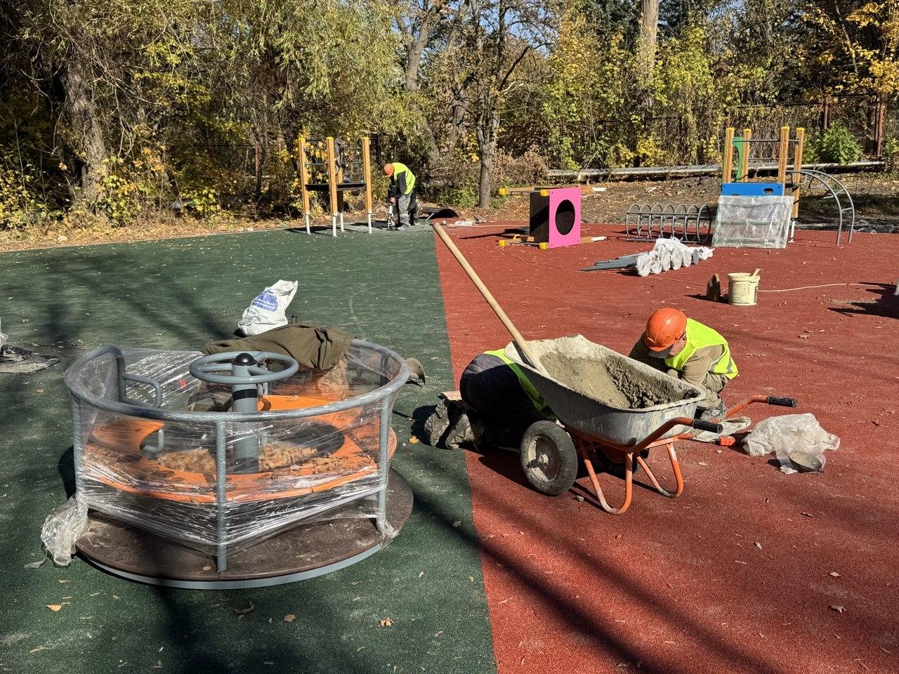 Сейчас рабочие устанавливают игровые комплексы.
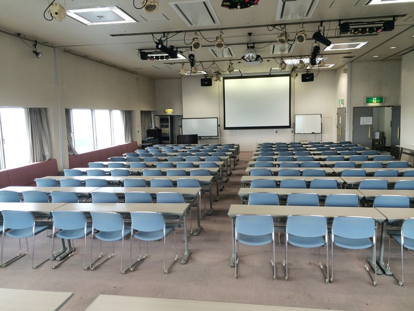 ホールAは定員130名様の会議室(スクール形式3名がけの場合)
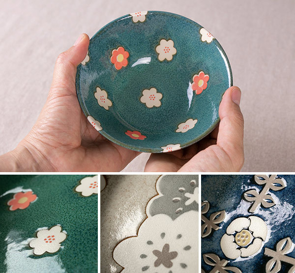 光沢がありつるっとした手触りです。花模様の部分のみ釉薬が塗られずマットな質感で、味わい深い仕上がりです。
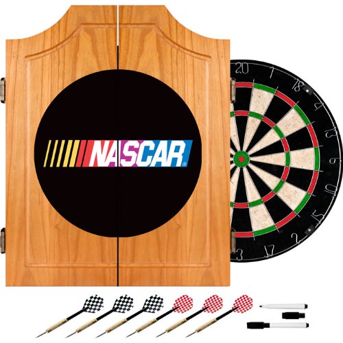 Bring the game to your game room, garage or collection with an officially licensed NASCAR beveled wood dart cabinet. Enjoy competition among friends while pre-gaming, during halftime, or at the after party . The officially licensed NASCAR beveled wood dart cabinet comes with everything you need for a great game. It includes a high quality, self healing sisal fiber dartboard, six steel tipped darts, dry-erase scoreboard, out chart, marker and mounting supplies. With an officially licensed NASCAR beveled wood dart cabinet you're guaranteed to have fun no matter what the score!
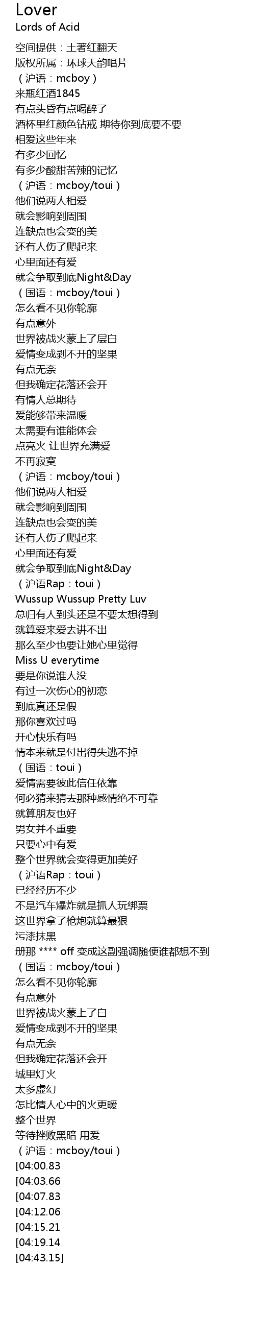 | [03:50.05] | (沪语:mcboy/toui) |
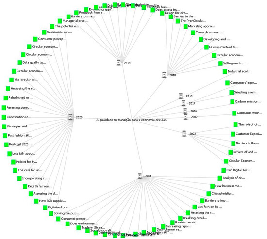 More recently, the authors tried to validate the previously obtained list of sub-themes, having carried out a new search in the Scopus database, which had proved to be predominant throughout the investigation conducted. With the expressions “circular economy” and “consumer” present in the title, abstract, or keywords, 1840 articles were found. For each of the sub-themes in question, three more expressions were added (presented below, in the text), requiring that at least two of them be present in the title, abstract, or keywords. The various sets of three expressions used resulted from the knowledge and sensitivity accumulated over the previous stages of the investigation.
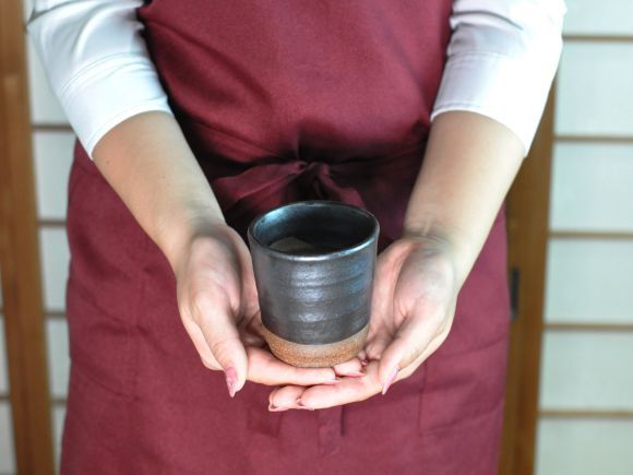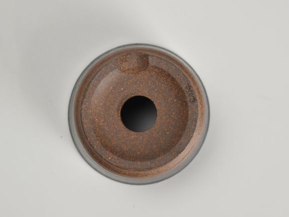 湯呑サイズのミニ鉢です。下の方の四分の一は釉薬がなく、栗のような色の切り替えが面白い鉢です。
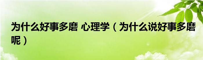为什么好事多磨 心理学(为什么说好事多磨呢)
+---+
■ Problem statement: Without the pictures, write out the entire listing exactly.

■ Reply to the task:
 Сейчас рабочие устанавливают игровые комплексы.
 ホールAは定員130名様の会議室(スクール形式3名がけの場合)
 光沢がありつるっとした手触りです。花模様の部分のみ釉薬が塗られずマットな質感で、味わい深い仕上がりです。
 Bring the game to your game room, garage or collection with an officially licensed NASCAR beveled wood dart cabinet. Enjoy competition among friends while pre-gaming, during halftime, or at the after party . The officially licensed NASCAR beveled wood dart cabinet comes with everything you need for a great game. It includes a high quality, self healing sisal fiber dartboard, six steel tipped darts, dry-erase scoreboard, out chart, marker and mounting supplies. With an officially licensed NASCAR beveled wood dart cabinet you're guaranteed to have fun no matter what the score!
 | [03:50.05] | (沪语:mcboy/toui) |
 More recently, the authors tried to validate the previously obtained list of sub-themes, having carried out a new search in the Scopus database, which had proved to be predominant throughout the investigation conducted. With the expressions “circular economy” and “consumer” present in the title, abstract, or keywords, 1840 articles were found. For each of the sub-themes in question, three more expressions were added (presented below, in the text), requiring that at least two of them be present in the title, abstract, or keywords. The various sets of three expressions used resulted from the knowledge and sensitivity accumulated over the previous stages of the investigation.
 湯呑サイズのミニ鉢です。下の方の四分の一は釉薬がなく、栗のような色の切り替えが面白い鉢です。
为什么好事多磨 心理学(为什么说好事多磨呢)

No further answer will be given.